DiD: Staggered adoption uses heterogeneity-robust estimator
What to Check
When treatment is staggered (different units adopt treatment at different times), standard two-way fixed effects (TWFE) regression produces a weighted average of cohort-specific treatment effects where some weights can be negative. This means TWFE can return wrong signs even when all true treatment effects are positive. Papers with staggered adoption must use or address heterogeneity-robust estimators.
How to Check
- Determine whether treatment timing is staggered: are there multiple “treatment cohorts” (groups of units that adopt treatment in different periods)?
- If staggered, check whether the paper uses one of the following heterogeneity-robust methods:
- Callaway & Sant’Anna (2021) — ATT by cohort × time
- Sun & Abraham (2021) — interaction-weighted estimator
- Borusyak, Jaravel & Spiess (2021) — imputation estimator
- de Chaisemartin & D’Haultfœuille (2020) — DID_M estimator
- Gardner (2021) — two-stage DiD
- If TWFE is used as the primary specification, check whether: (a) the paper acknowledges the Goodman-Bacon decomposition problem, (b) robustness checks with a heterogeneity-robust method are provided.
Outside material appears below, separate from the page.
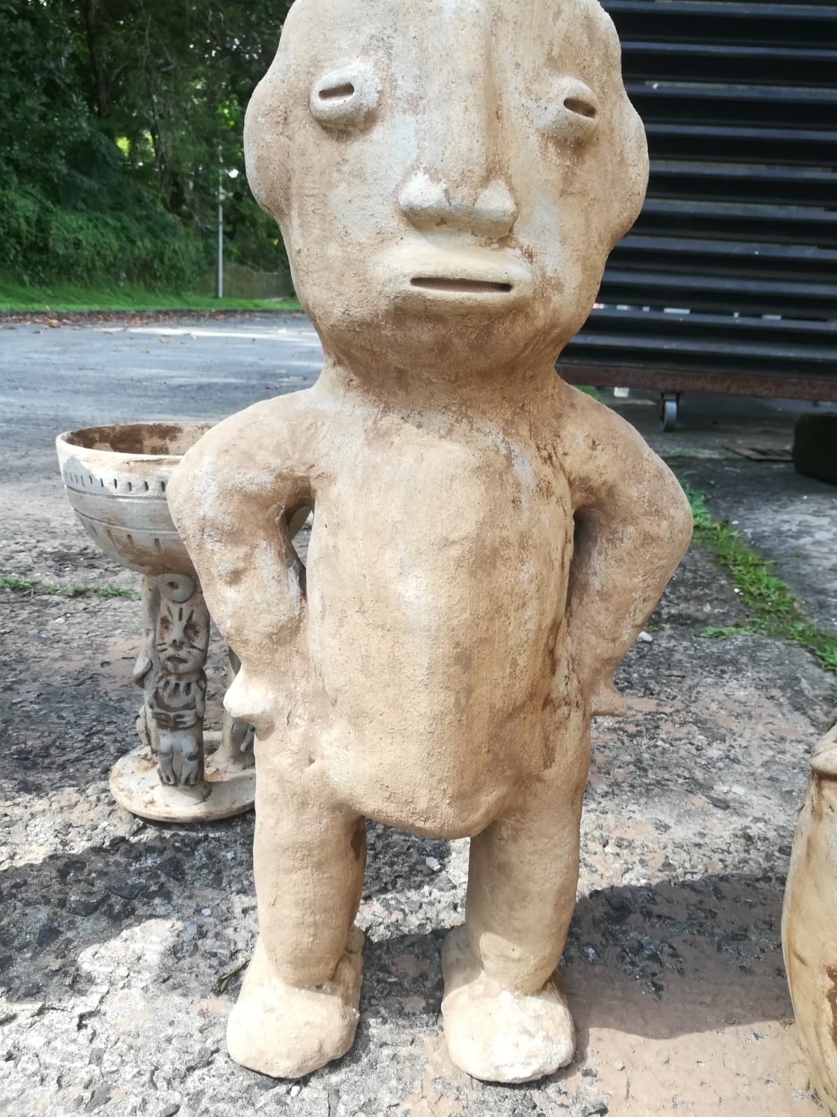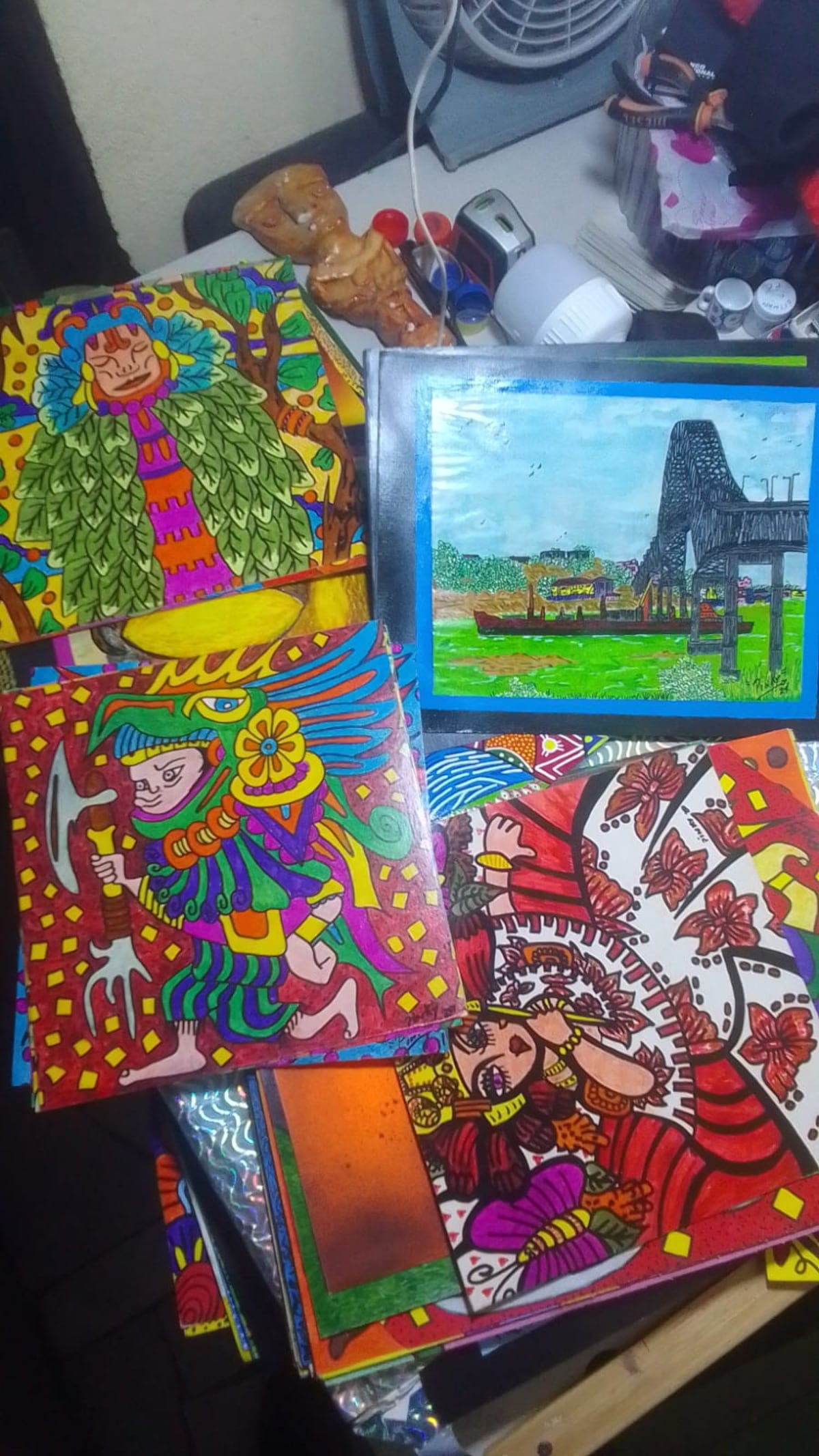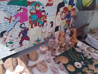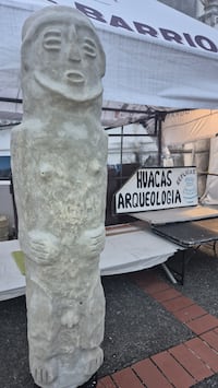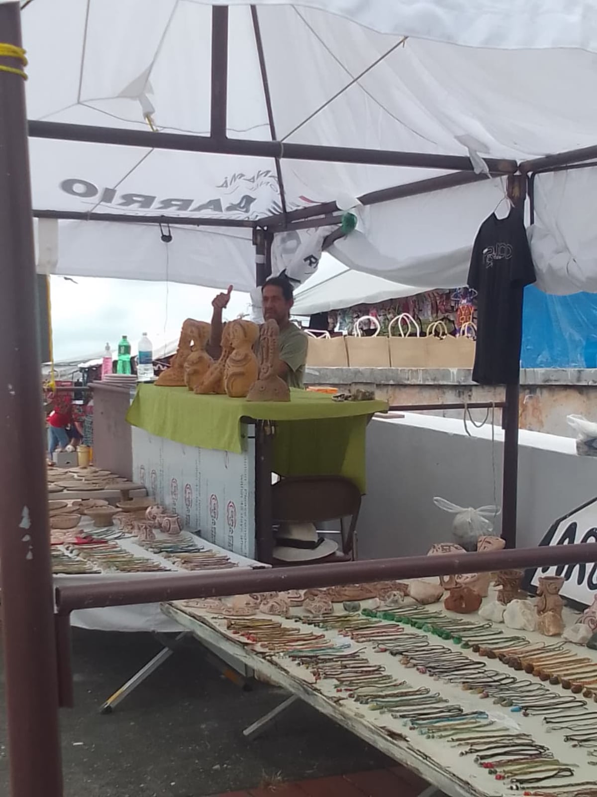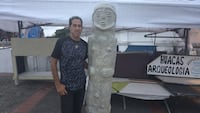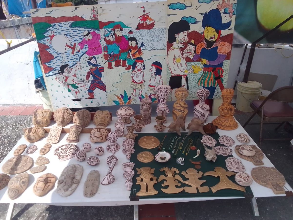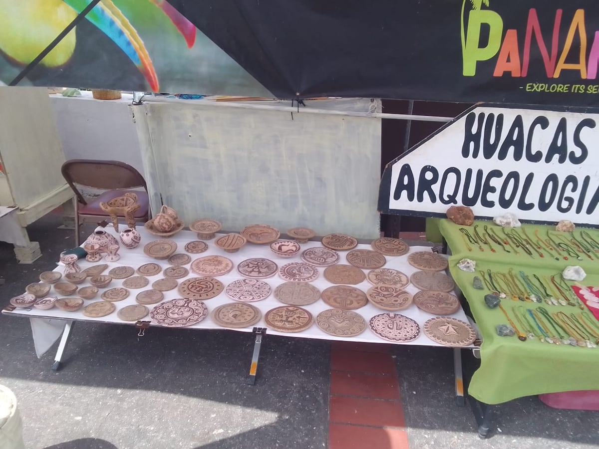 Allí, Félix Antonio Carmona, maestro artesanal en artes plásticas, exhibe y comercializa réplicas de huacas y piezas arqueológicas inspiradas en la herencia precolombina de Panamá.

- Check whether the paper reports heterogeneity in treatment effects across cohorts — even if the average effect is the primary estimand, cohort heterogeneity is informative.
Pass Condition
Either: (a) the paper uses a heterogeneity-robust estimator as its primary specification, OR (b) the paper uses TWFE but reports robustness to a heterogeneity-robust estimator and discusses the Goodman-Bacon decomposition explicitly.
Failure Examples
- TWFE only, no discussion: Paper has 50 states adopting a policy between 1990 and 2010. The main tables show TWFE regressions with state and year FE. No discussion of staggered DiD concerns. Published post-2021. Fails.
- Goodman-Bacon mentioned but no robust estimator: Paper cites Goodman-Bacon (2021) in a footnote but reports no alternative estimator. “We acknowledge potential heterogeneity” is not a fix. Fails.
- Event-study interpreted as Callaway-Sant’Anna: Paper reports a binned event-study from TWFE and calls it a test of heterogeneous effects. This is not equivalent. Fails.
Notes
- Papers written before 2020 and currently under review should be assessed with some tolerance — the literature evolved rapidly. Papers written after 2022 have no excuse.
- For papers with a single treatment date (sharp DiD), this test does not apply. Use
did-parallel-trends-plotinstead.
References
- Goodman-Bacon, A. (2021). Difference-in-differences with variation in treatment timing. Journal of Econometrics, 225(2), 254–277.
- Callaway, B., & Sant’Anna, P. H. (2021). Difference-in-differences with multiple time periods. Journal of Econometrics, 225(2), 200–230.
- Roth, J., Sant’Anna, P. H., Bilinski, A., & Poe, J. (2023). What’s trending in difference-in-differences? A synthesis of the recent econometrics literature. Journal of Econometrics, 235(2), 2218–2244.